7. All new instructions, locked decisions, and design choices should automatically flow back into `/docs/MVP Roadmap.md`.
In short:
- Use the roadmap as context.
- Keep it updated.
- Treat it like a living project document.
- Ensure all future outputs are consistent with it.
This is a crazy detailed prompt that did a lot to help Google Studio understand what it’s responsibilities as far as the updating and following the “roadmap” was concerned.
The exact purpose the roadmap served
It acted as a:
Single source of truth - IA, theme, decisions, progress.
Contract - If something was marked “locked,” the AI couldn’t revert or drift.
Guardrail - Even when I wiped a context window, the roadmap had the AI in the correct direction. I could fork different versions and still maintain context.

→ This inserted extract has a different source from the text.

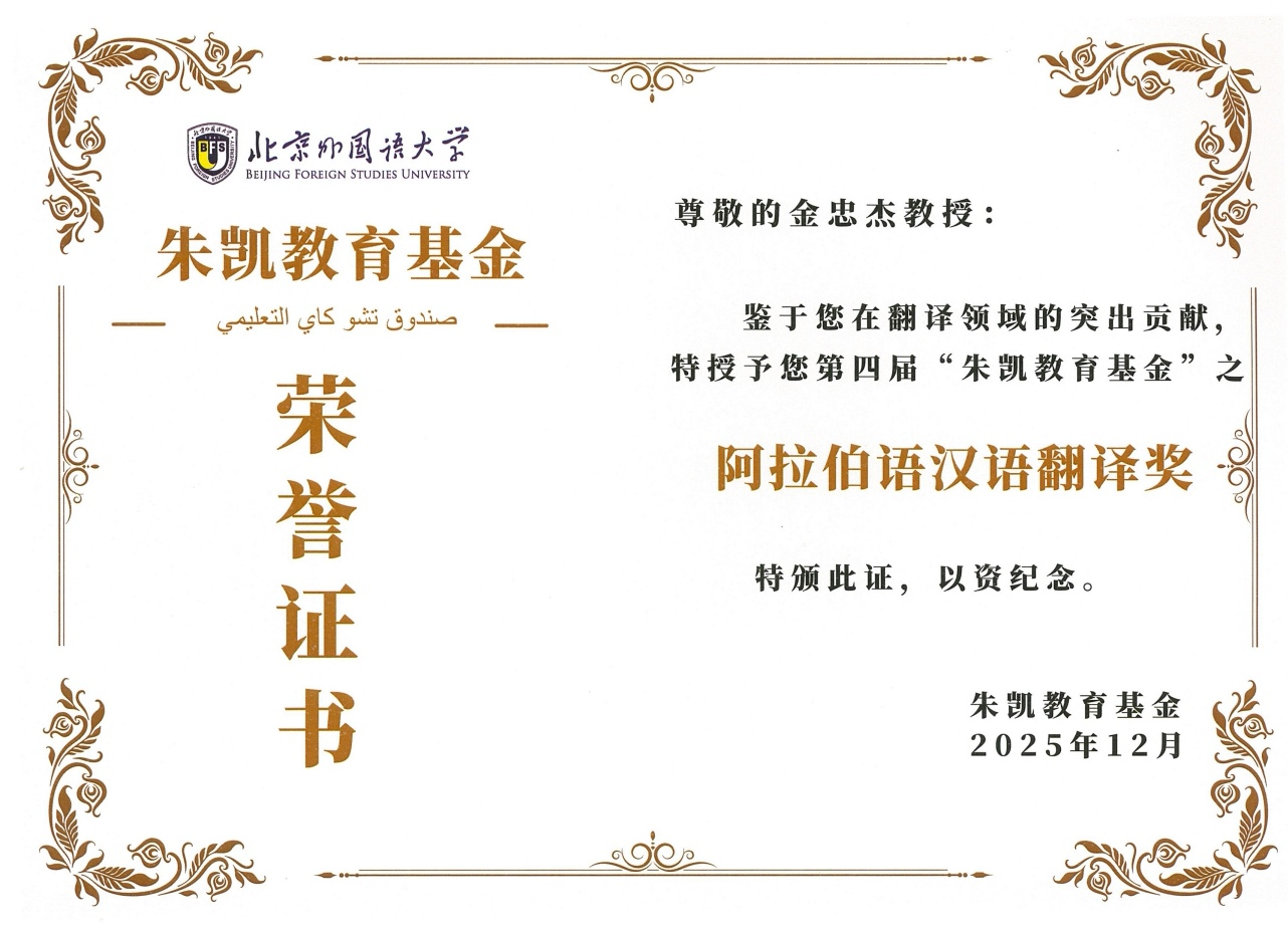【bat365中文官方网站新闻中心讯 党委统战部】12月26日,由北京外国语大学阿拉伯学院主办的第六届全国阿拉伯语专业学科发展与课程建设研讨会暨第四届朱凯教育基金颁奖仪式在北京外国语大学举办,来自全国20余所高校阿拉伯语专业的50余名专家学者与会交流。北京外国语大学副校长刘欣路教授,教育部外指委副主任委员、阿拉伯语分指委主任委员、北京语言大学罗林教授,朱凯教育基金创始人朱凯教授分别致辞,朱凯教育基金学术委员会主任张宏教授宣布了获奖者名单,基金秘书长薛庆国教授宣读了颁奖词。bat365官网留学归国人员联谊会会长、外国语学院副院长金忠杰荣获第四届“朱凯教育基金”之“阿拉伯语汉语翻译奖”,金忠杰凭借对阿拉伯语和阿拉伯思想文化的深刻理解,将中世纪哲人安萨里的伦理学名著译为中文,入选商务印书馆“汉译世界学术名著丛书”,在国内学术界引起重要反响。据悉,朱凯教育基金系北京外国语大学专项教育基金,于2018年9月15日正式设立,基金的宗旨是鼓励...

Chronicle - Doubled as a project log as I moved page by page.
Forking Projects
Every major stage became a save point:
Initial layout working
Breakpoints stable
Theme switching functional
Because you’re experimenting continuously. And sometimes trying to execute an idea leads the entire project into a ditch.
Forking gave me psychological safety.
The Canvas Editor: Annotation > Prompting
The canvas editor in Google AI Studio is great!
You can literally:
write/draw on the canvas
draw arrows/rectangles
add comments
add text
and push/add them to chat.
Using Excalidraw to create annotated images
When making changes inside of Google Studio, I used excalidraw to create annotated images to inform Google better. Surprisingly, this worked really well.

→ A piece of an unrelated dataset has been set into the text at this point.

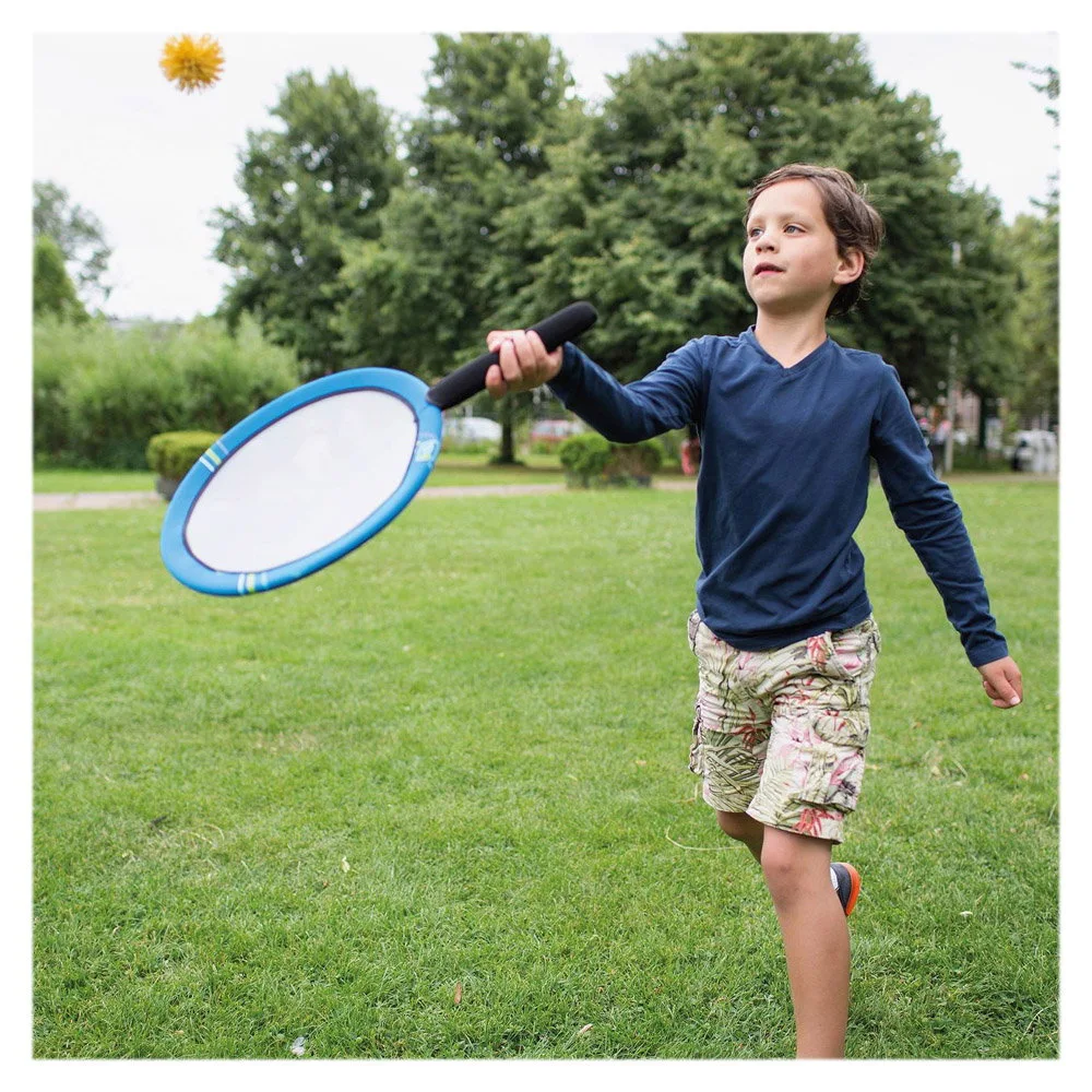 • Datorita rachetelor elastice si mingilor pufoase din fire moi de cauciuc se poate juca in siguranta, fara a lovi pe nimeni. Daca mingea loveste accidental o fereastra, nu va provoca daune.

Wrestling With Breakpoints
I generated breakpoint-specific prompts (with GPT) with strict constraints and pasted them into Studio. Then I verified everything manually.

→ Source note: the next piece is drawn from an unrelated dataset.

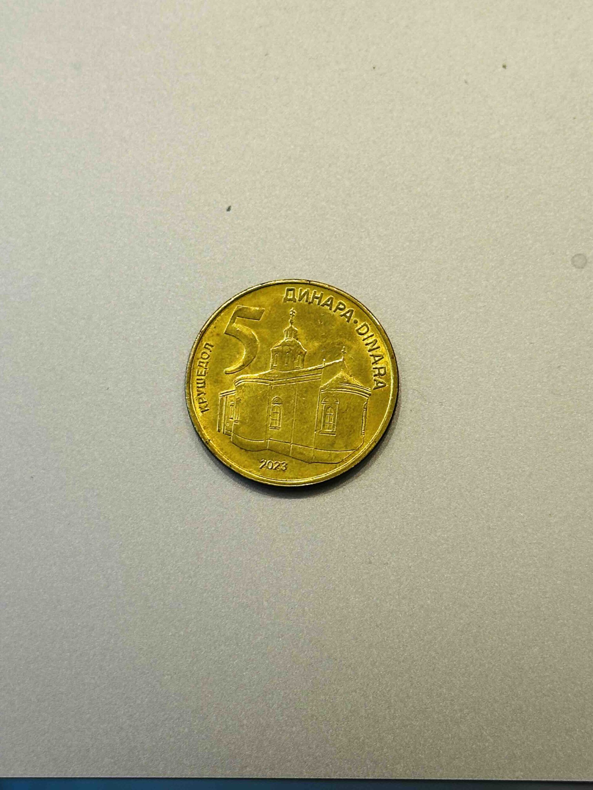 The 5 Dinara coin features strong Serbian lettering and emblematic elements. Distinct and practical, it represents Serbia’s modern currency with a traditional feel.

It wasn’t glamorous. I did a lot of testing and iterated several times.
What this produced
By the end of this, I had:
A 90s-style portfolio shell with draggable “windows” and a character sheet.
A stable layout across desktop + mobile (after lots of breakpoint wrestling).
A working deployment at portfolio.fourzerothree.in that now replaces my “newsletter as a portfolio” setup.
Closing Thoughts
By the time I had the shell, the instruction sets, the roadmap, and the workflow in place, the rest of the build honestly doesn’t need a dramatic story.
The point I want to make here is about the system I had in place to build this the scaffolding, the workflow, the thinking behind vibe-coding something real.
I think this is part of the building that nobody talks about. People assume the hard part is the prompting. It’s not. The hard part is creating the structure that keeps the prompts moving in the right direction.
So that’s where I’ll leave this piece.